- _What the task requires_: Leave out the pictures and output exactly the lines below from the one with "در بازی Chai" down to the one with "Widgets control how", both of them included.

(Extracted information begins)

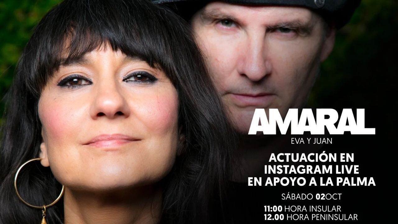 El grupo Amaral tenía previsto un concierto en La Palma este sábado 2 de octubre, dentro de su Gira «Salto al Color», pero dada la situación tan dificil que están pasando los palmeros actualmente, Eva y Juan han querido estar de alguna manera con ellos, aunque tenga que ser desde la distancia física, mostrando su cariño y apoyo en estos difíciles momentos y acompañando, a través de sus canciones, a quienes están sufriendo las consecuencias de la erupción de Volcán.
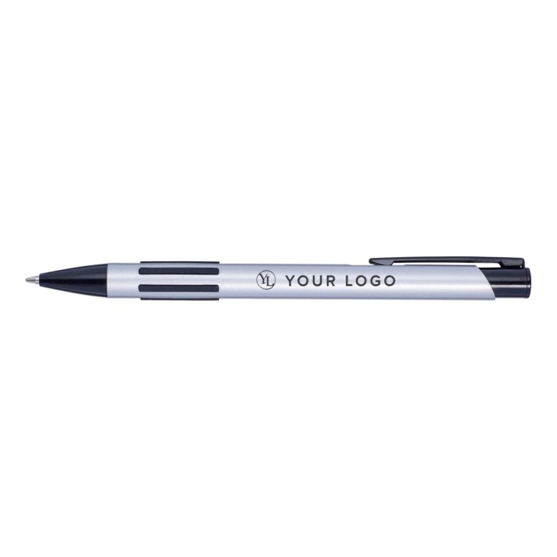 Bolígrafo metálico lacado con pulsador. La punta y el clip son negros y hacen juego con las tiras de caucho, que proporcionan un mejor agarre. Tinta azul.
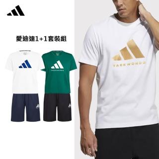 adidas 愛迪達 運動休閒短褲+萊卡空氣棉短袖(五分褲 短T 快乾 涼感 輕量 吸濕 透氣 彈性 男女同款)
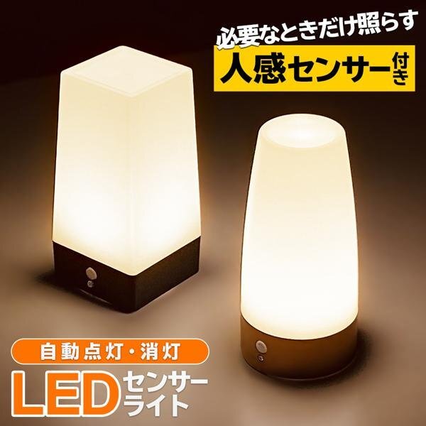 センサーライト LED 角型 ライト 暖色 自動点灯 消灯 電池式 ランプ 寝室 間接照明 デスクライト 送料無料- 60N◇ ライト:角型CH609
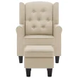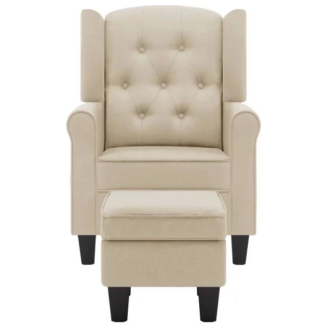 The Living Store Fotelj s stolčkom za noge krem blago - Naslanjač
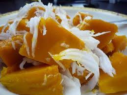 เนื้อหน้าอกไก่อบคู่กับฟักทองนึ่งคลุกมะพร้าวขูดโรยเกลือกินพร้อมซอสมะเขือเทศ...อร่อยมาก ๆ ขอบอก
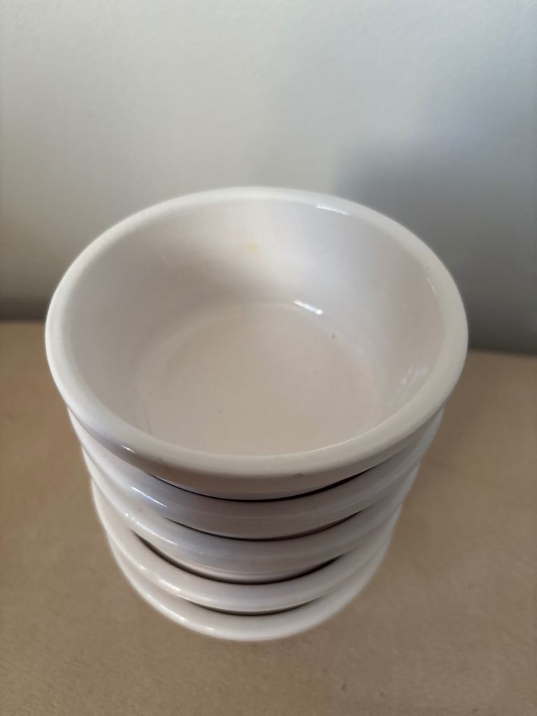 A set of five white ovenware dishes for individual pies etc. Also ideal party snack dishes etc. Just £2 for all of them
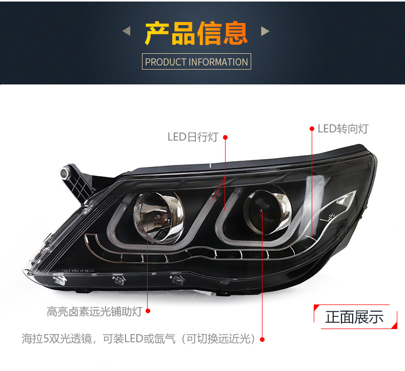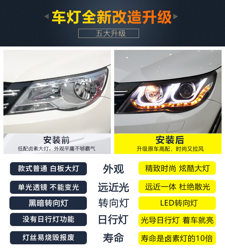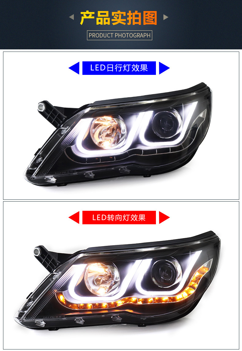 Cocok untuk perakitan lampu depan Tiguan tua modifikasi lampu LED khusus lampu siang hari 10-12 lensa sinyal belok rendah
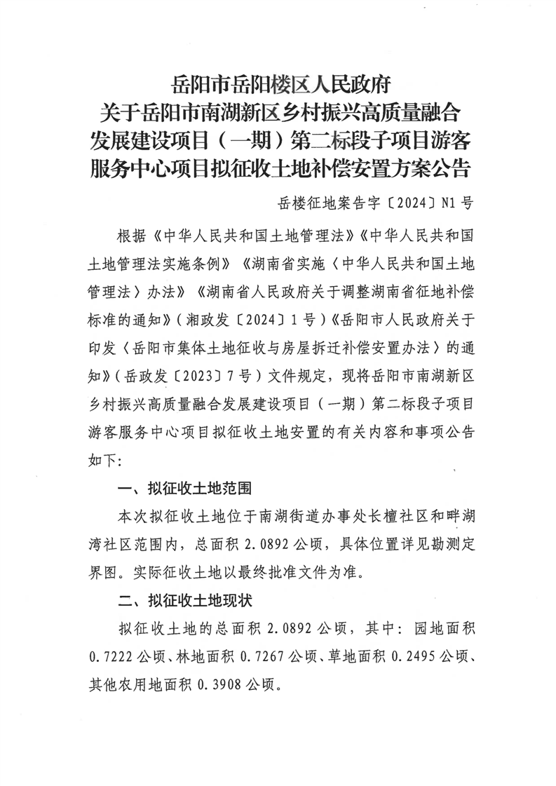 岳阳市南湖新区乡村振兴高质量融合发展建设项目(一期)第二标段子项目游客服务中心项目
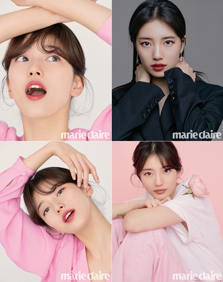글로벌 코스메틱 브랜드 랑콤의 뮤즈인 수지는 마리끌레르 3월호 화보를 통해 한층 물오른 아름다움을 뽐냈다. 블랙톤 헤어컬러와 수트, 실버 액서서리로 도시적이고 시크한 매력을 과시하다가 사랑스러운 컬링 헤어와 핑크와 화이트톤 의상으로 소녀스러우면서도 장난기 가득한 표정을 연출하는 등 팔색조 매력을 드러냈다.
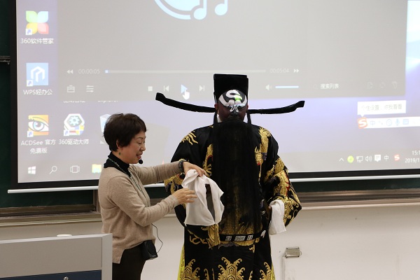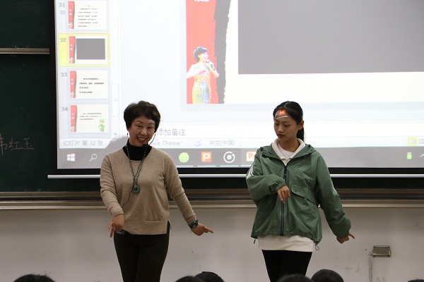 韦红玉向学生们介绍了京剧的历史演化进程,京剧是经历了徽调,汉调的融合,又吸收了汉调、秦腔、昆曲的部分剧目、曲调和表演方法,演变成一种新的声腔,更为悦耳动听,称为“京调”。现在我们称为京剧。韦红玉向学生们介绍京剧的角色:根据男女老少、俊丑正邪,分为生、旦、净、丑四大行当。角色行当的表演各有不同的程式动作:唱,念,做,打,手,眼,身,法,步各有不同的特点,富有舞蹈性和高超的技巧。接着,她和她的团队更是以唱曲的方式,以《贵妃醉酒》与《金玉奴》为例,亲身示范,邀请在坐的同学上台学习京剧的基本手势和动作,整场活动生动有趣,同学们通过观摩、试唱、学习,深深的感受到了京剧的魅力。
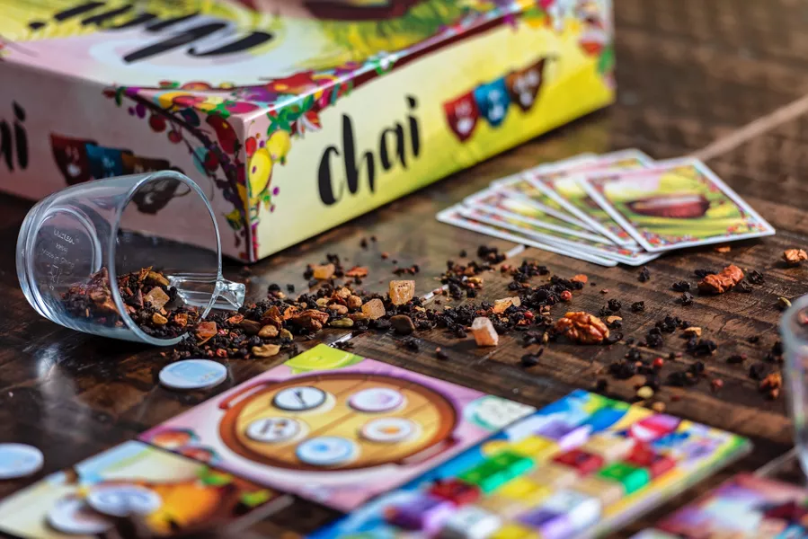 در بازی Chai (چای)، شما در نقش یک تاجر چای قرار میگیرید که باید با ترکیب طعمهای مختلف، مخلوطی بینقص از چای بسازد. هر بازیکن در یکی از انواع چای مثل روبوس (rooibos)، سبز (green)، اولانگ (oolong)، سیاه (black) یا سفید (white) تخصص دارد و باید مواد لازم را خریداری و جمعآوری کند تا سفارش مشتریان خود را انجام دهد.
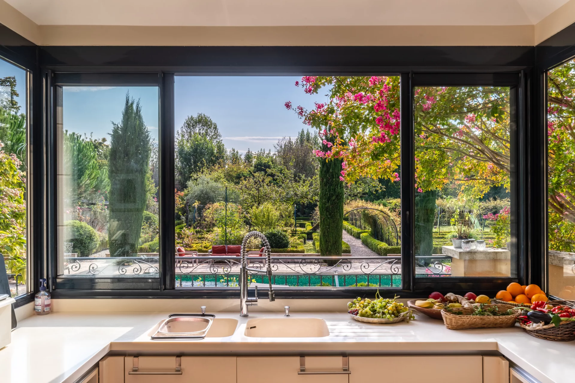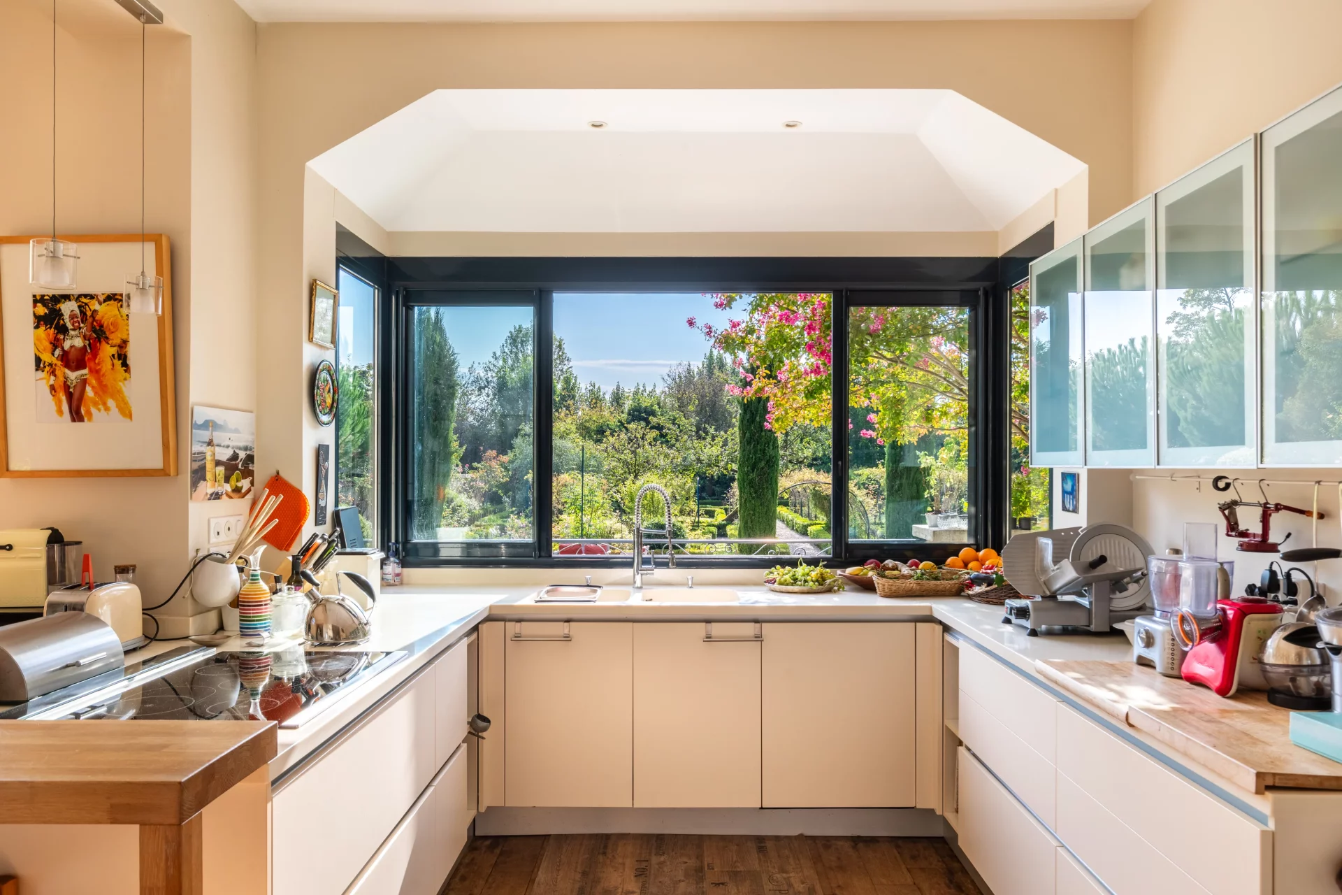 Le rez-de-chaussée accueille les espaces de réception: un hall d’entrée, un séjour avec cheminée et une salle à manger lumineuse. La cuisine familiale, entièrement équipée, donne accès à une terrasse surplombant une magnifique piscine en mosaïque de 15 mètres de long.
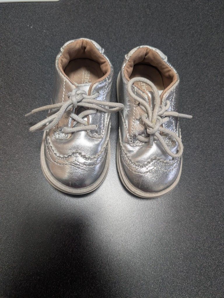 Stride Rite Shiny Silver Baby Shoes Leather Size 5
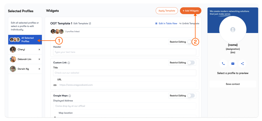 Widgets control how information and actions appear on each digital business card. With bulk editing, you can:
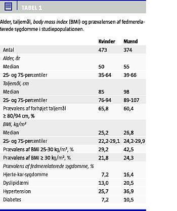 Forekomsten af overvægt og fedme blandt danskere er velbeskrevet, men der foreligger kun få studier, der beskriver forekomsten af abdominal fedme blandt danskere. Ifølge International Diabetes Federations (IDF's) kriterier for det metaboliske syndrom er taljemålet forhøjet, såfremt man som kvinde har et taljeomfang på over 80 cm og som mand på over 94 cm [10]. Thulstrup et al rapporterede i 1999, at taljemålet blandt 903 tilfældigt udvalgte indbyggere i Ebeltoft Kommune i alderen 30-50 år var 75 cm for kvinder og 92 cm for mænd (medianværdier) [11]. I et andet studie, i hvilket man undersøgte 27.178 kvinder og 29.875 mænd i alderen 50-64 år i perioden 1993-1997, var de mediane taljemål 80 cm hos kvinder og 95 cm hos mænd [12] - dvs. mere end halvdelen af de undersøgte havde forhøjet taljemål. De to epidemiologiske studier har taget udgangspunkt i den danske normalbefolkning, og resultaterne tyder på, at der allerede for ti år siden var en relativ høj prævalens af abdominal fedme blandt danske indbyggere.
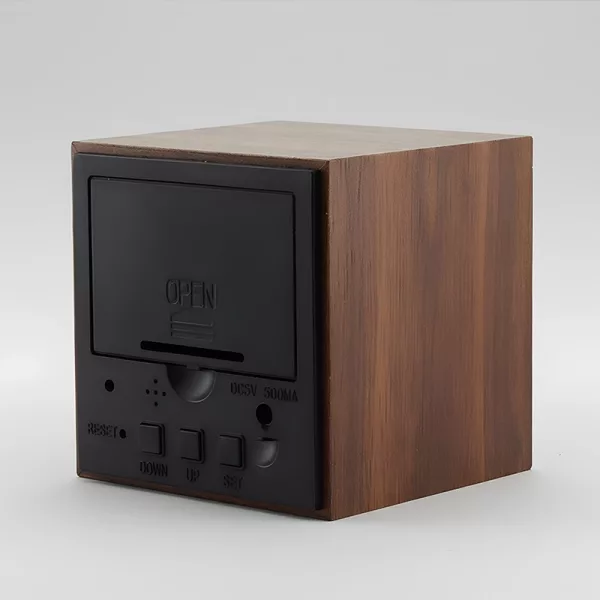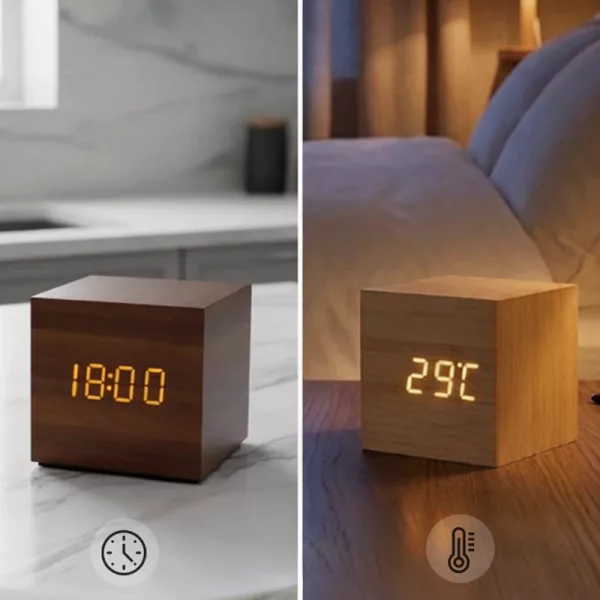 الاستيقاظ أصبح أقل إزعاجاً عندما أستخدم هذه الساعة. شكل الخشب يناسب كل شيء، والتحقق من درجة الحرارة مفيد قبل الذهاب للمدرسة.
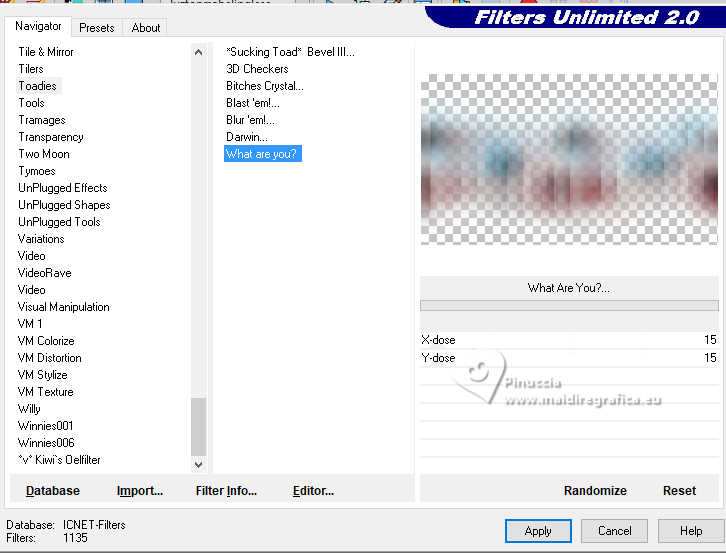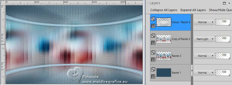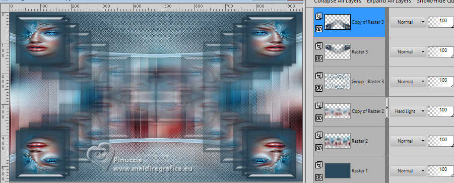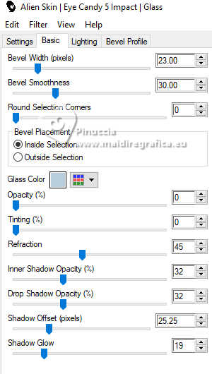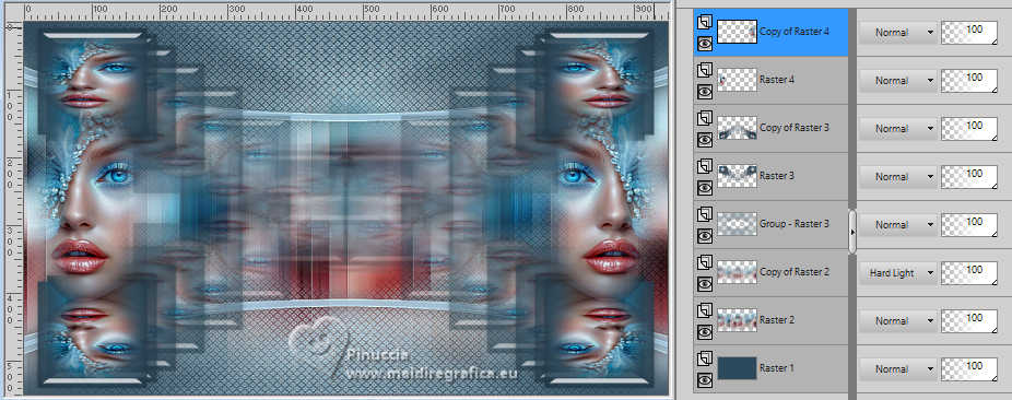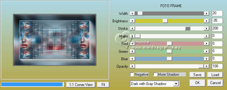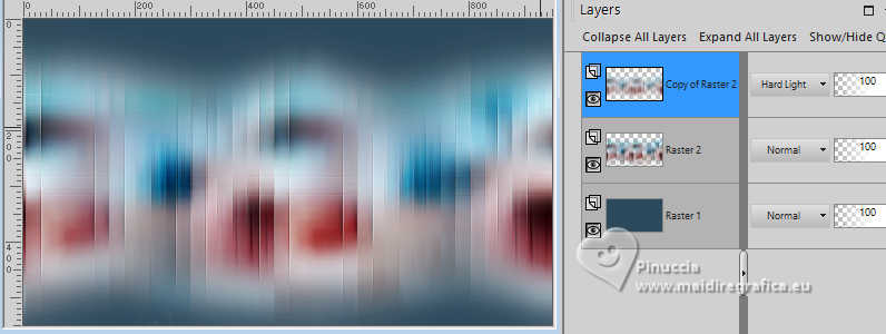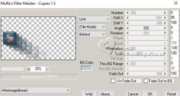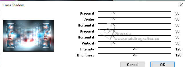 For this tutorial, you will need: ![]() Thanks for the tubes and the mask Clo and Narah. The rest of the material is by Lady Tess. (you find here the links to the material authors' sites) ![]() consult, if necessary, my filter section here Filters Unlimited 2.0 here Mehdi - Sorting Tiles here Toadies - What are you here Graphics Plus - Cross Shadow here FM Tile Tools - Saturation Emboss here Alien Skin Eye Candy 5 Impact - Glass here Mura's Meister - Copies here AAA Frames - Foto Frame here Filters Toadies and Graphics Plus can be used alone or imported into Filters Unlimited. (How do, you see here) If a plugin supplied appears with this icon ![]() You can change Blend Modes according to your colors. ![]() Copy the selection in the Selections Folder. Open the masks in PSP and minimize them with the rest of the material. Colors ![]() 1. Set your foreground color to #2e4a5c, and your background color to #b8cedc. ![]() color 3: #111a21 color 4: #ffffff color 5: #000000 2. Open a new transparent image 950 x 550 pixels. Flood Fill the transparent image with your foreground color #2e4a5c.Selections>Select All. Layers>New Raster Layer. 3. Open Misted_Woman2048_byClo ![]() Edit>Copy. Go back to your work and go to Edit>Paste into Selection. Selections>Select None. 4. Effects>Plugins>Mehdi - Sorting Tiles. ![]() Effects>Edge Effects>Enhance. Effects>Image Effects>Seamless Tiling, side by side. ![]() 5. Adjust>Blur>Motion Blur. ![]() Layers>Duplicate. Effects>Plugins>Filters Unlimited 2.0 - Toadies - What are you ![]() Change the Blend Mode of this layer to Hard Light. Effects>Edge Effects>Enhance. 6. We have this ![]() 7. Layers>New Raster Layer. Flood Fill with your background color #b8cedc.Layers>New Mask layer>From image Open the menu under the source window and you'll see all the files open. Select the mask NarahsMask_1790 ![]() Effects>Edge Effects>Enhance. Layers>Merge>Merge Group. 9. Effects>Plugins>FM Tile Tools - Saturation Emboss, default settings. ![]() Layers>Duplicate. Image>Mirror>Mirror horizontal. 10. Layers>Merge>Merge Down. Effects>3D Effects>Drop Shadow, color #111a21. ![]() Adjust>Sharpness>Sharpen More. 11. We have this ![]() 12. Layers>New Raster Layer. Selections>Load/Save Selection>Load Selection from Disk. Look for and load the selection Extasy_sel_1 ![]() Reduce the opacity of your Flood Fill Tool to 60%. Flood Fill the selection with your foreground color #2e4a5c.Layers>New Raster Layer. 13. The tube Misted_Woman2048_byClo is still in memory: Edit>Paste into Selection. Adjust>Sharpness>Sharpen More. Layers>Merge>Merge Down. Layers>Duplicate. Layers>Merge>Merge Down. Effects>Plugins>Alien Skin Eye Candy 5 Impact - Glass Select the preset Clear with these settings: Glass Color: your background color ![]() Selections>Select None. 14. Effects>Plugins>Mura's Meister - Copies. ![]() Objects>Align>Top. Layers>Duplicate. Image>Mirror>Mirror Horizontal Layers>Merge>Merge Down. Layers>Duplicate. Image>Mirror>Mirror Vertical (Image>Flip). 15. We have this ![]() 16. The tube Misted_Woman2048_byClo is always in memory: Edit>Paste as new layer. Image>Resize, to 50%, resize all layers not checked. Objects>Align>Left. Adjust>Sharpness>Sharpen More. Layers>Duplicate. Image>Mirror>Mirror Horizontal. Objects>Align>Right. 17. We have this ![]() 18. Image>Add borders, 1 pixel, symmetric, color #000000. Selections>Select All. Edit>Copy Edit>Paste as new image, and minimize it. Go back to your work. Image>Add Borders, 55 pixels, symmetric, color #ffffff. Selections>Invert. 19. Edit>Paste into Selection - the image of step 18. Adjust>Blur>Gaussian Blur - radius 30. ![]() Effects>Plugins>Graphics Plus - Cross Shadow, default settings. ![]() Effects>Plugins>AAA Frames - Foto Frame. ![]() Effects>Reflections Effects>Rotating Mirror. ![]() Selections>Select None. 20. Layers>New Raster Layer. Opacity of your Flood Fill Tool to 80%. Flood Fill the layers with your background color #b8cedc.Layers>New Mask layer>From image Open the menu under the source window and select the mask NarahsMask_1814 ![]() Layers>Duplicate. Layers>Merge>Merge Group. Effects>Edge Effects>Enhance. Change the Blend Mode of this layer to Overlay. Layers>Duplicate. Image>Mirror>Mirror horizontal. 21. Open MistedWoman1292_byClo ![]() Edit>Copy. Go back to your work and go to Edit>Paste as new layer. Image>Resize, to 80%, resize all layers not checked. Adjust>Sharpness>Sharpen More. 22. Open LTDStudio_Extasy_Texto ![]() Edit>Copy. Go back to your work and go to Edit>Paste as new layer. Objects>Align>Top and move the tube slightly down (see the final tag).Objects>Align>Horizontal Center. 23. Sign your work on a new layer. Add the author and the translator's watermarks. Layers>Merge>Merge All and save as jpg. The tubes of this version are mine. ![]() ![]() Your versions. Thanks![]() Irene ![]() Kika ![]() If you have problems or doubts, or you find a not worked link, or only for tell me that you enjoyed this tutorial, write to me. |

(Extracted information ends)

- _Response area_:
 در بازی Chai (چای)، شما در نقش یک تاجر چای قرار میگیرید که باید با ترکیب طعمهای مختلف، مخلوطی بینقص از چای بسازد. هر بازیکن در یکی از انواع چای مثل روبوس (rooibos)، سبز (green)، اولانگ (oolong)، سیاه (black) یا سفید (white) تخصص دارد و باید مواد لازم را خریداری و جمعآوری کند تا سفارش مشتریان خود را انجام دهد.
 Le rez-de-chaussée accueille les espaces de réception: un hall d’entrée, un séjour avec cheminée et une salle à manger lumineuse. La cuisine familiale, entièrement équipée, donne accès à une terrasse surplombant une magnifique piscine en mosaïque de 15 mètres de long.
 Stride Rite Shiny Silver Baby Shoes Leather Size 5
 Widgets control how information and actions appear on each digital business card. With bulk editing, you can:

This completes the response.